What the task requires: Return the stretch from the line with "浙江省援沪重症医疗队队员离沪前合影留念(受访单位供图)" through the line with "Pradžiai reikia ištemptas" in the data below, character for character, skipping all pictures.

(Items from a data source)
+ + + +
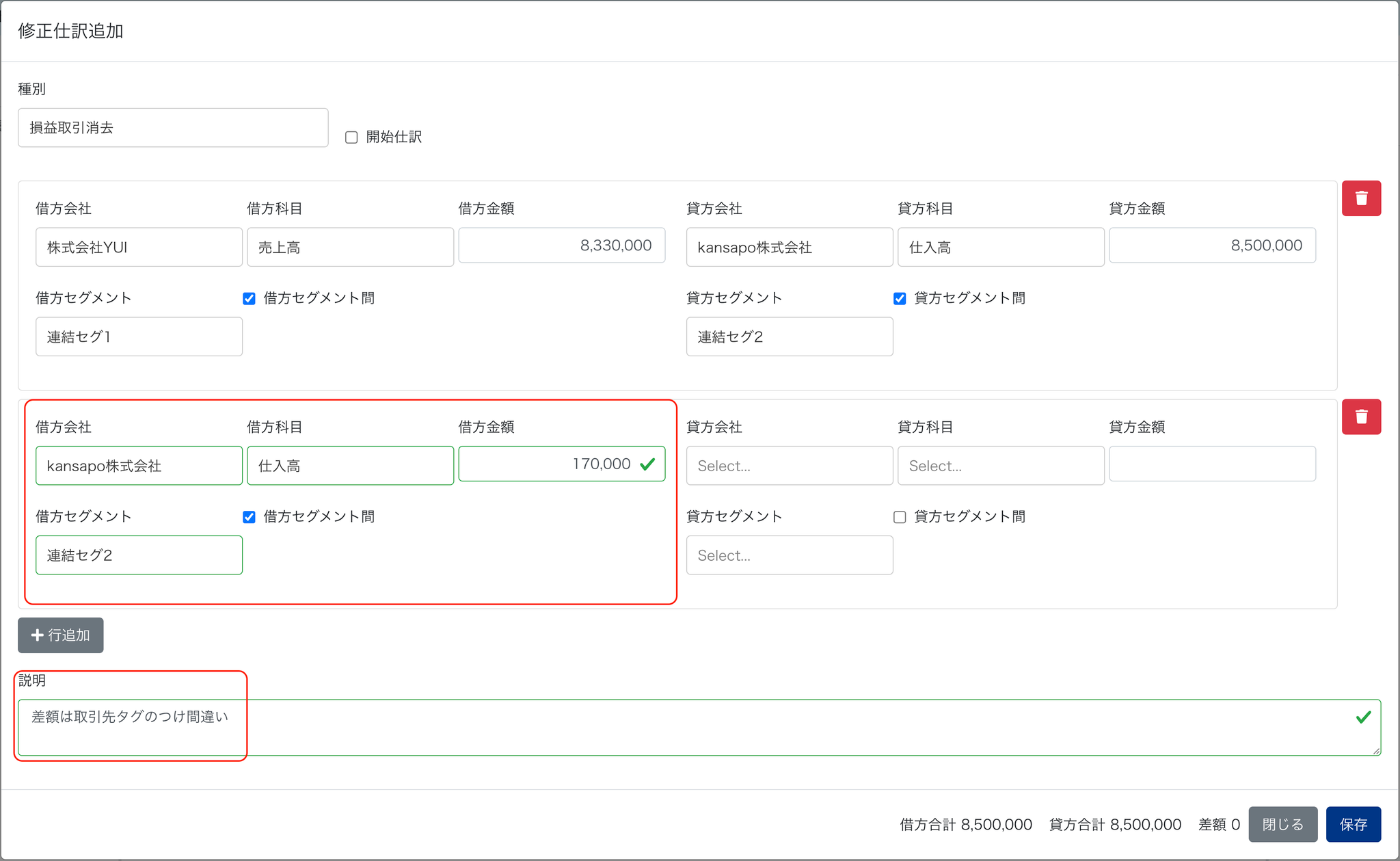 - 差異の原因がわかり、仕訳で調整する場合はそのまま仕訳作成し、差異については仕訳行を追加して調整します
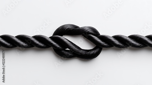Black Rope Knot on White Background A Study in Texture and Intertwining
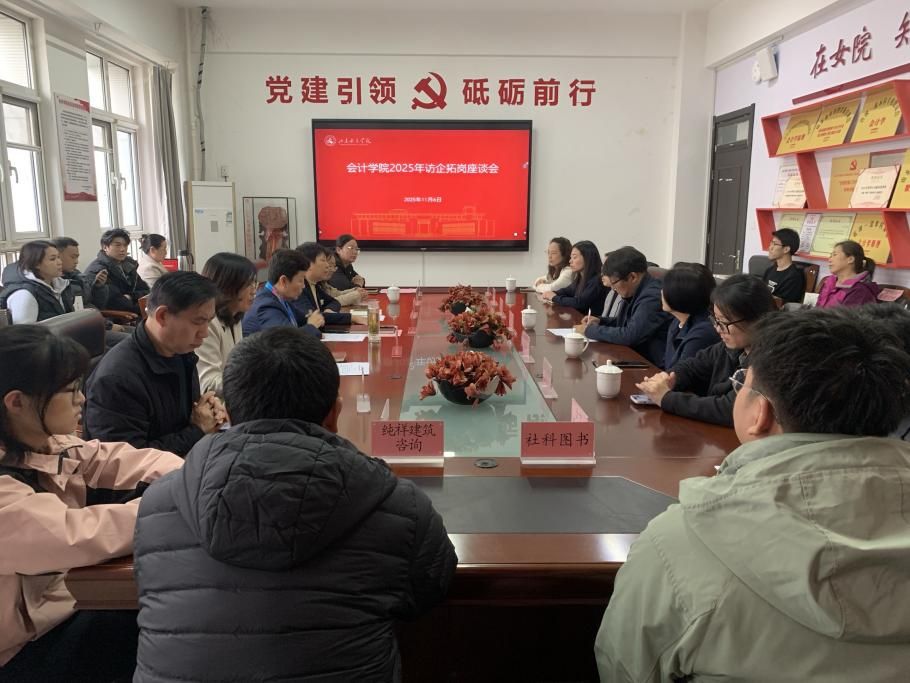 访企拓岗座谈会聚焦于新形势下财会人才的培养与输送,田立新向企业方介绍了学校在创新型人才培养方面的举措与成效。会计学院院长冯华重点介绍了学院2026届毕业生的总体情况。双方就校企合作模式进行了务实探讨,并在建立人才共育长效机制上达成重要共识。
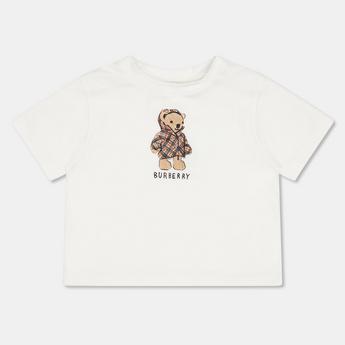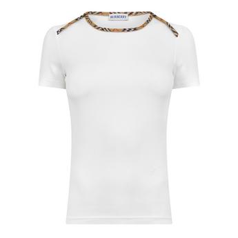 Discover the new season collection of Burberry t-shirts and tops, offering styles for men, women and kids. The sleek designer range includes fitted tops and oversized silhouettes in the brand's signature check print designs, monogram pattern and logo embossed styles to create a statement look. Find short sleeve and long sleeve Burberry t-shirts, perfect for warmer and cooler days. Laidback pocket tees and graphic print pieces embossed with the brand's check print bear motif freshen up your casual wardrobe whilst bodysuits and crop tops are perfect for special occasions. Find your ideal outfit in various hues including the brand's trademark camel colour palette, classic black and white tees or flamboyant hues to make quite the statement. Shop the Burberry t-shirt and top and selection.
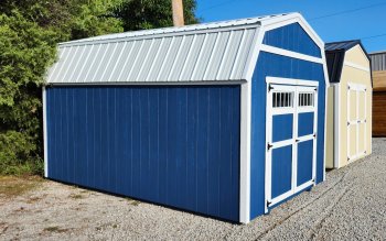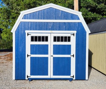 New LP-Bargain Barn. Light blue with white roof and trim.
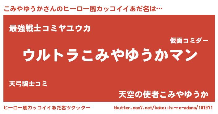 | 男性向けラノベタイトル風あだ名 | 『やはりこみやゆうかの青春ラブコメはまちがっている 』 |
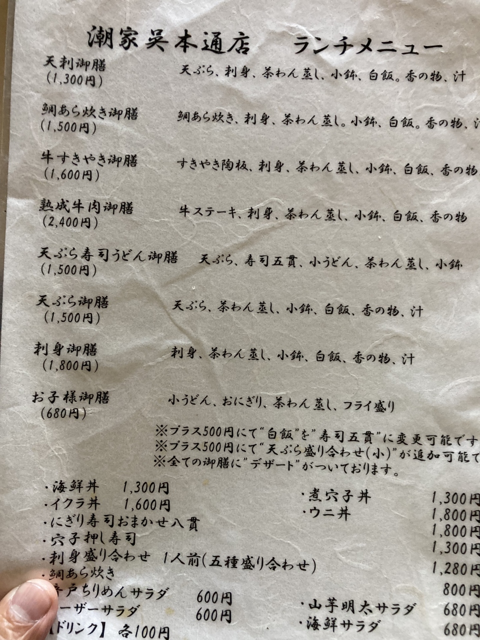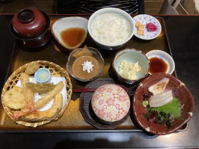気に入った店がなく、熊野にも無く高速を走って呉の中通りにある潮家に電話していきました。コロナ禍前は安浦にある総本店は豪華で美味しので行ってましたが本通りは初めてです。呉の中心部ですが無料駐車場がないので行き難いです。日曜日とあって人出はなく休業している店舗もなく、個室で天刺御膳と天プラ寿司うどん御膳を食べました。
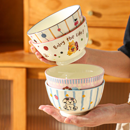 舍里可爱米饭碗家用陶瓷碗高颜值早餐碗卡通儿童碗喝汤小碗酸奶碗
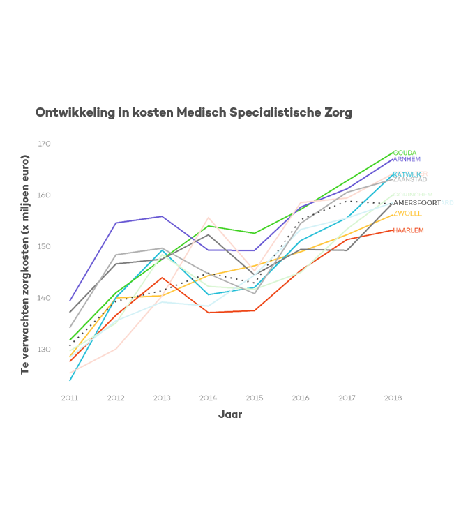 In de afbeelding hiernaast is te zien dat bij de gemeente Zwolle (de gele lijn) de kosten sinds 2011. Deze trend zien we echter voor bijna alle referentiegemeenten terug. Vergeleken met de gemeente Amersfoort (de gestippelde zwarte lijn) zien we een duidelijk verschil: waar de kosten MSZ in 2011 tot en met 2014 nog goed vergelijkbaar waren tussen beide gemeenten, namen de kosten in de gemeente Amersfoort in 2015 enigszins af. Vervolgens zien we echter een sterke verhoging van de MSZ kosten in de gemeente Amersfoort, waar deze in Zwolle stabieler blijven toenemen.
+ + + +
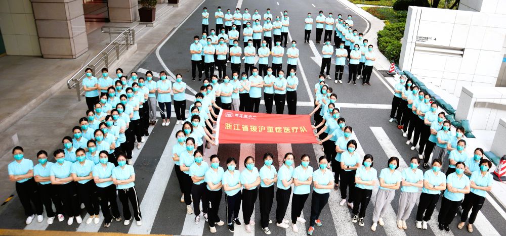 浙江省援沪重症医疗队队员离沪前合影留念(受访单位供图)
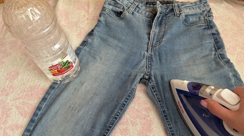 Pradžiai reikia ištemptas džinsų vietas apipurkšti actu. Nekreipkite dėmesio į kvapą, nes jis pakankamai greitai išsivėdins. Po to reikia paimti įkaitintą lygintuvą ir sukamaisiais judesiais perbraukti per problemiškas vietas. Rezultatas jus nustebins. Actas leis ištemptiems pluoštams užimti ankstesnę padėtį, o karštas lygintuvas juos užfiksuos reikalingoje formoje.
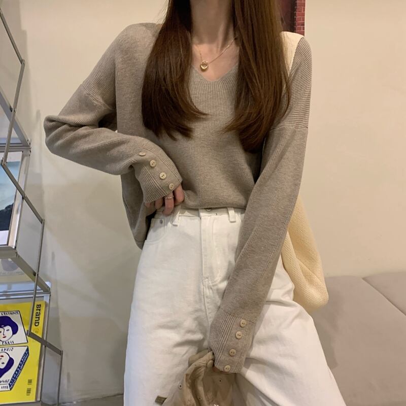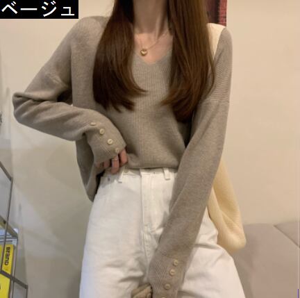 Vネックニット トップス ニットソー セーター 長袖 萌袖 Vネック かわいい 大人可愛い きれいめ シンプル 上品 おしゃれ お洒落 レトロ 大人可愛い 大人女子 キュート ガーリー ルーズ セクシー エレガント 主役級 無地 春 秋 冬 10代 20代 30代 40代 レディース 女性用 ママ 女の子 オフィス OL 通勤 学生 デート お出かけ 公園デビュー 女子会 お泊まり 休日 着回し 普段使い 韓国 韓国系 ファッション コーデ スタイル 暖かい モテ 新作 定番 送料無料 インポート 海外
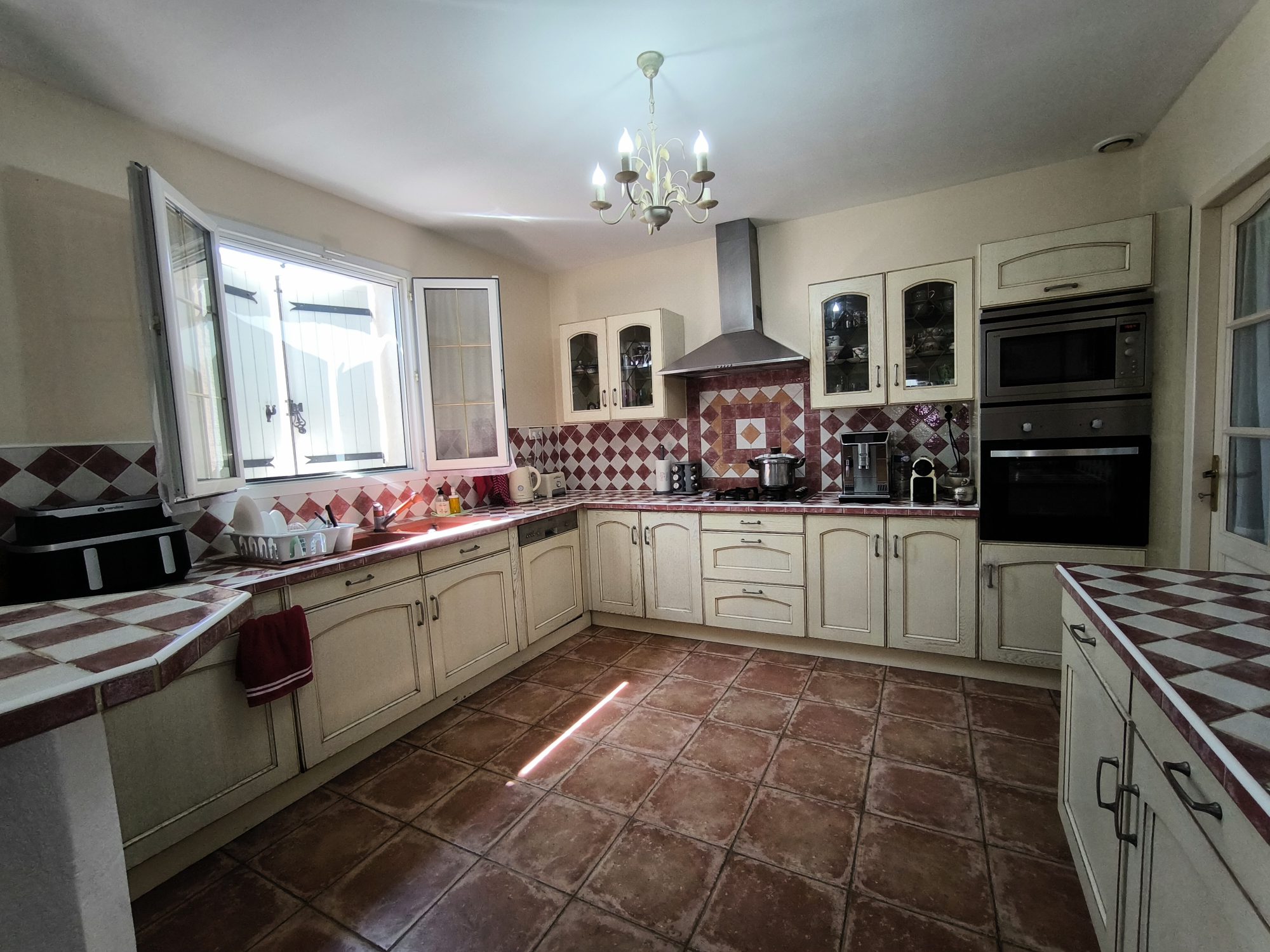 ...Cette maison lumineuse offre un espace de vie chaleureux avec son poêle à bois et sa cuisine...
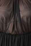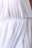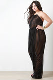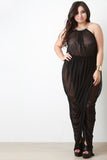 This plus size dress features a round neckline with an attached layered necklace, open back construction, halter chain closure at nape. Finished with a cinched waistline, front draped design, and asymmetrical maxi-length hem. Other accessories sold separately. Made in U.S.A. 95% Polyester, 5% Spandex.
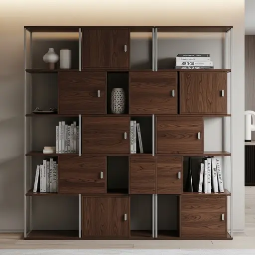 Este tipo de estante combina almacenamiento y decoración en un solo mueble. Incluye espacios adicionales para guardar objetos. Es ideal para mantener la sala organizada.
+ + + +
Answer:
 浙江省援沪重症医疗队队员离沪前合影留念(受访单位供图)
 Pradžiai reikia ištemptas džinsų vietas apipurkšti actu. Nekreipkite dėmesio į kvapą, nes jis pakankamai greitai išsivėdins. Po to reikia paimti įkaitintą lygintuvą ir sukamaisiais judesiais perbraukti per problemiškas vietas. Rezultatas jus nustebins. Actas leis ištemptiems pluoštams užimti ankstesnę padėtį, o karštas lygintuvas juos užfiksuos reikalingoje formoje.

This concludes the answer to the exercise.